Here is that Black Corvette you have pictured when it was for sale on ebay around three + years ago. It was redone, sold and the current seller/owner has had it for almost two years I think. He also added a few items not original to the bike. It is definitely a 5 speed Corvette.

Do you have the ad link for that Red Corvette, or any info on it including the serial number?


----------



## GTs58

*Found It*

Craigs listing http://losangeles.craigslist.org/lac/bik/4222874539.html

From what I can see in the pictures it looks like the real deal to me. A 61 model with the 61 only stem and the seller states he has the original seat and bars. Hopefully the correct grips are on the stored bars. The rear derailleur is a 1964 or 65 steel wheeled Huret and it may be a Schwinn issued piece sporting the Sprint tag that was attached to the Hershey kiss indent. The small cap bow pedals are not correct nor is the 1964 and up spoke protector.


----------



## vincev

I know GT is probably tired of seeing these two but I like posting them.The one could use a better seat.They are the real deals.Both looked kind of bad but cleaned up nicely.Did reroute the brake cable on the one.lol


----------



## Rear Facing Drop Out

*5 speed*

They are not as rare as once believed but is the coolest and still the rarest of the corvettes. I have had three and know of at least two collectors (off the grid) with one of each color.


----------



## GTs58

I never get tired looking at those Vince. 

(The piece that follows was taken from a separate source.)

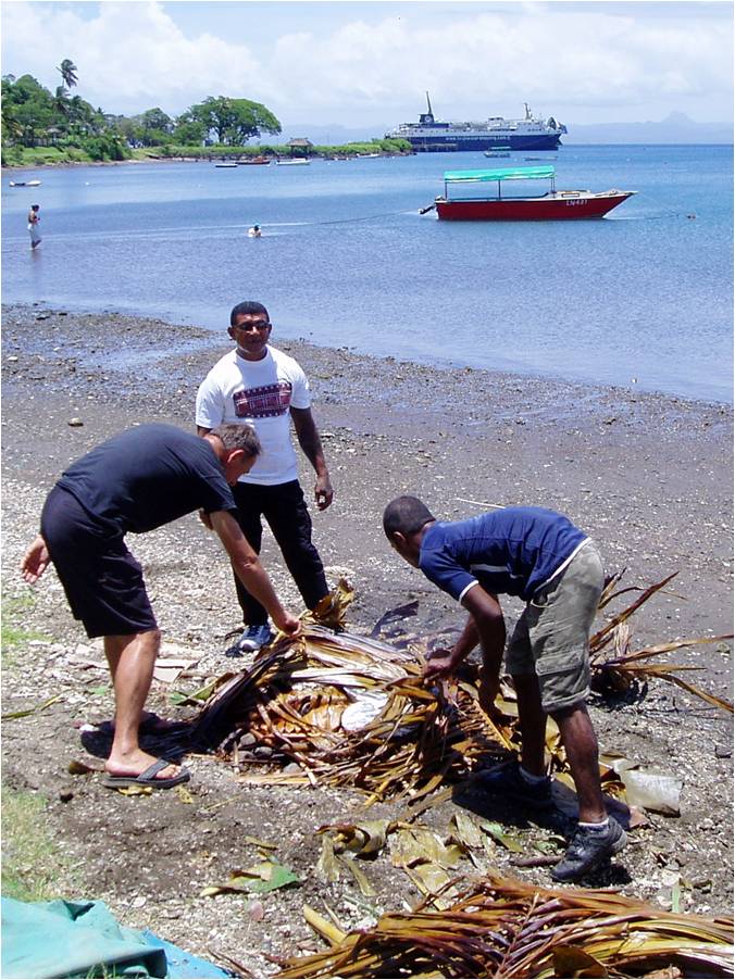 This type of earth oven is used all over the Pacific. Pate (shown here) explained that a hole is dug and lined with stones and a large fire is built on top of the stones. The fire super-heats the stones and when it burns down the contents of the lovo are stacked inside and the entire thing is insulated by palm leaves and then topped with banana leaves. |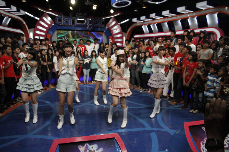 • インドネシア・RCTIの人気音楽番組「dahsyat(ダシャット)」に出演する JKT48 高城亜樹と仲川遥香 (C) JKT48 Project

Just heard thru the grape vine today that there is another early Corvette 5 with the proto decals. Can't wait to see that one too. Still can't figure out why my May 61 SN'd Corvette came with the standard issue decals. The stamped dropout must have been at the bottom of the parts barrel for a while an was never attached to a frame.  

Rear Facing Drop Out, would the person with one of each color happen to be Dave in Ohio?


----------



## Richard Bergdahl

vincev said:


> I know GT is probably tired of seeing these two but I like posting them.The one could use a better seat.They are the real deals.Both looked kind of bad but cleaned up nicely.Did reroute the brake cable on the one.lol




Dang, you have my birthday bike .


----------



## Sambikeman

*Island Schwinn*

Did you see the 5 Speed Corvette for sale in Stockton.. for  $400.00 .. It was on C.L. I saw it Saturday.......


----------



## island schwinn

i saw it and bought it.actually i saw it,and GTs58 payed for it,then i went and got it.it's in my garage right now.


----------



## cyberpaull

*Wow so they are real??*

Wow,  Thanks for proving me wrong. I thought for sure those bikes were clones. Great I have a lot more to learn and what to look for. Can't wait to find one for my collection.


----------



## mruiz

Don't have a 5 speed birthday bike but I have 3 speed born 1962 Red Corvette  ( K228765)  Oct  9, 1962

For who ever wants it. Have picture. e-mail me at    mitchell.ruiz@us.army.mil

 Can ship. Priced at 250, that is rock bottom low.


----------



## GTs58

cyberpaull said:


> Wow,  Thanks for proving me wrong. I thought for sure those bikes were clones. Great I have a lot more to learn and what to look for. Can't wait to find one for my collection.




I see you started your search. Are you all boned up on what to look for? If you have any questions I'd be happy to help out.


----------



## cyberpaull

*Thanks*



GTs58 said:


> I see you started your search. Are you all boned up on what to look for? If you have any questions I'd be happy to help out.




Thanks will do


----------



## Freqman1

Rear Facing Drop Out said:


> They are not as rare as once believed but is the coolest and still the rarest of the corvettes. I have had three and know of at least two collectors (off the grid) with one of each color.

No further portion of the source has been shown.